Musical Interlude with Chris Coyer

00:50:28
Speaker
to share? Do you want to give us a lick of Banjo too? I don't know. You tell me what's up.
00:50:34
Speaker
Uh, maybe I should, huh? I don't have anything else to say. You looked awesome on Shop Talk. You were like, oh, I picked up the banjo. I'm not that good. And I was like, dude, he's so straight over there. I loved it. I wanted to hear more. I was like, every intro should be you playing a little bit of banjo. I'd be so happy if it's close. Yeah, we're going to get a treat. Yeah. See, mine's over here. Oh, are we going to get a jam? I'm so not musical. There's no way this, the timing's going to work out.
00:51:15
Speaker
I don't know I was trying to do the deliverance thing for you because I feel like that's always oh that's what I was referencing yeah
00:51:22
Speaker
Is that like the free bird of Banjo? It's delivered. I don't even know it really. Although I was thinking about the other day, I feel like I should watch that movie again. Some people have like the, oh, that's, I don't know, they have some impression over the mind. It's a dark movie. You're going to get some dark vibes. I think so, but like, is it what you remember it is or do you have some incorrect, you know, I feel like people remember what they want to remember, you know? Hunting trip gone very, very long.
00:51:51
Speaker
Bye!
00:51:59
Speaker
Yes. Yes. That's awesome. So you should have practiced a ton. I've been trying to learn my finger picking strategies and it's not that slow going, but yeah, you sound great, dude. I need to sit in here promptly. I'm crunched in here. I have gotten okay at this thing, you know, by going to festivals and playing all day and stuff. I really am into it. It's definitely my retirement plan.
00:52:24
Speaker
Yeah, music is cool. I love like I'm a crafter. I love building stuff. But what I love about music is that you get to craft with someone else. And I love the ephemeral nature of it where you're like, and it's gone. We created something. It was in the air. It filled up the space like magic. You could cut the music with a knife in the room. And then when the music stops, everyone's like,
00:52:46
Speaker
weird. This room feels so different now. And you're like, Yeah, and it's gone. We'll never play it like that. Or something, you know, like people, you can even hear that. I love that in recordings when they record that there's like, eight seconds after the end of the song, and almost like universally, somebody will like laugh or something.

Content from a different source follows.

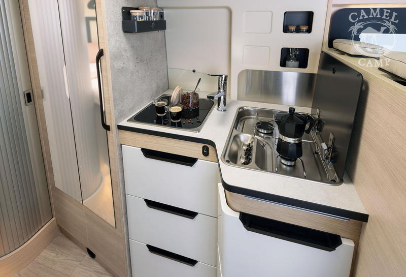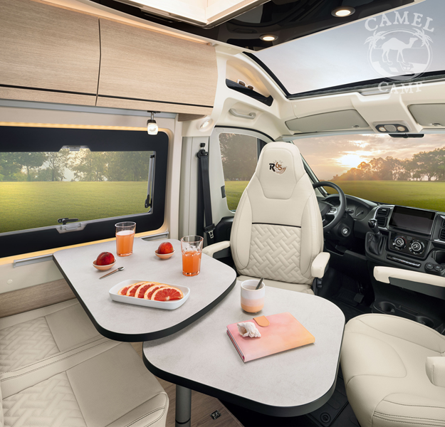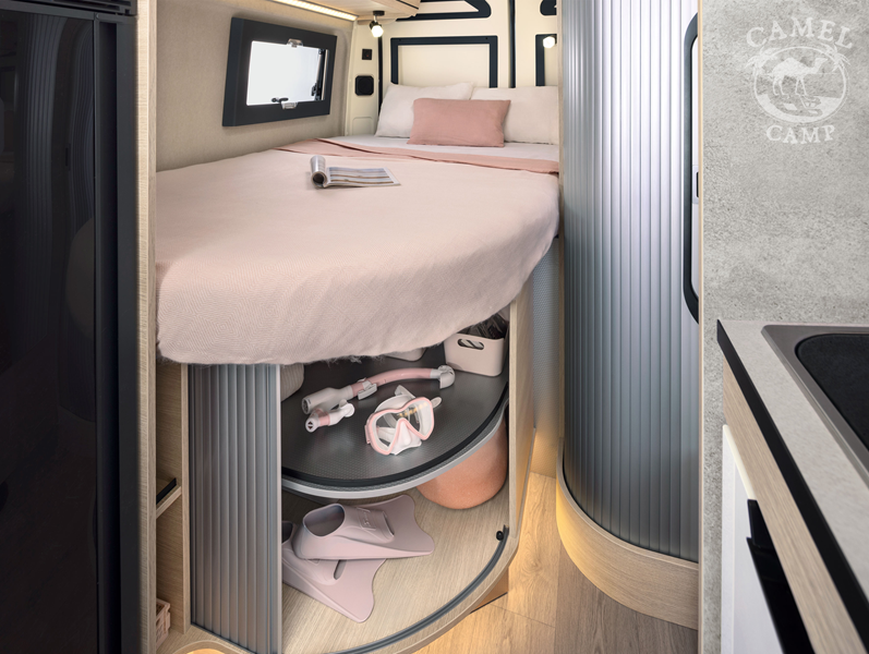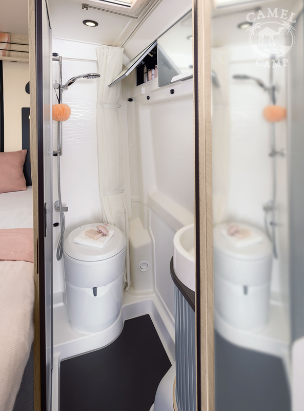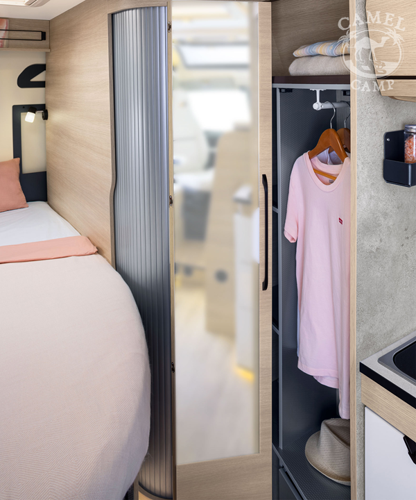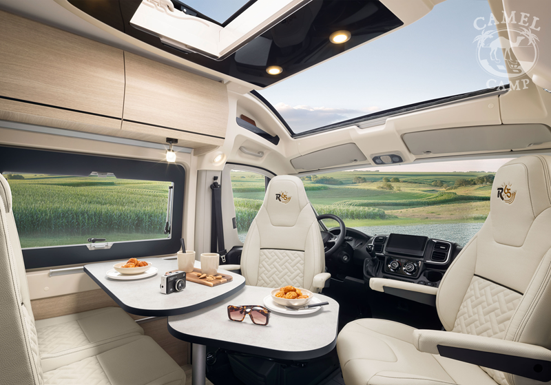 Zabudowa kempingowa: plisowane rolety okien w szoferce, 2 x akumulator kempingowy AGM 92 Ah, system „Coming Home”, głośniki części kempingowej, okablowanie pod panele solarne i TV, uchwyt na TV, zbiornik wyrównujący ciśnienie, zewnętrzny prysznic, 2 x dotykowy reflektor do czytania w kabinie kierowcy, centralny zamek kabiny i drzwi kempingowych, stopień elektryczny, podwójne okna kempingowe w ramie z moskitierą i zaciemnieniem, duże okno dachowe 70 cm x 50 cm, okna w tylnych drzwiach, oświetlenie zewnętrzne, Truma Combi Gas 4 kW CP PLUS, 100% oświetlenie LED w części kempingowej, dodatkowe łóżko w salonie, ISOFIX, poszerzenie blatu kuchennego, samozamykające się szuflady kuchni z centralnym zamknięciem, 2 palnikowa kuchenka, lodówka kompresorowa 149l, zbiornik wody czystej 110l, zbiornik wody szarej 85l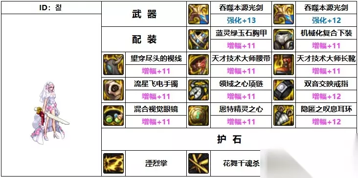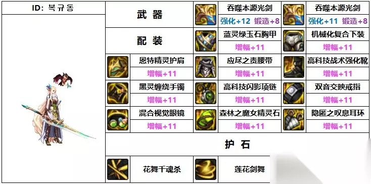 地下城与勇士流浪武士110级毕业装备推荐 1、韩服第一流浪武士 武器:吞噬本源光剑 上衣:蓝灵绿玉石胸甲 护肩:望穿尽头的视线 下装:机械化复合下装 腰带:天才技术大师腰带 鞋子:天才技术大师长靴 手镯:生命之力皮护腕 戒指:双音交映戒指 项链:领域之心项链 辅助装备:森林之魔女篮子 魔法石:逆流之魂灵珠 耳环:恩特精灵耳环

Conclusion and Future Plans

00:53:04
Speaker
Like when they had a good take, it was not like they heard a joke. It's not like they played something unexpected or funny. It's just this release of like, man, we got through that. That was awesome. You vibed that? Yeah. We were on the same wavelength and we just busted out and you start laughing. You're like, whoa, I was in another world. And now I'm back in this room, I guess. Yeah. Totally. It wasn't even any psilocybin involved. Just regular.
00:53:33
Speaker
All right. Well, thanks for having me on fellows. Yes. Thank you for coming on the podcast, uh, and sharing all the things that you're bad at. And yeah, we'll be Adam and I will be doing this every week, talking about things we're bad at, uh, and bringing on other people. And, uh, so thank you all for listening and we'll see you on the next bad at CSS podcasts.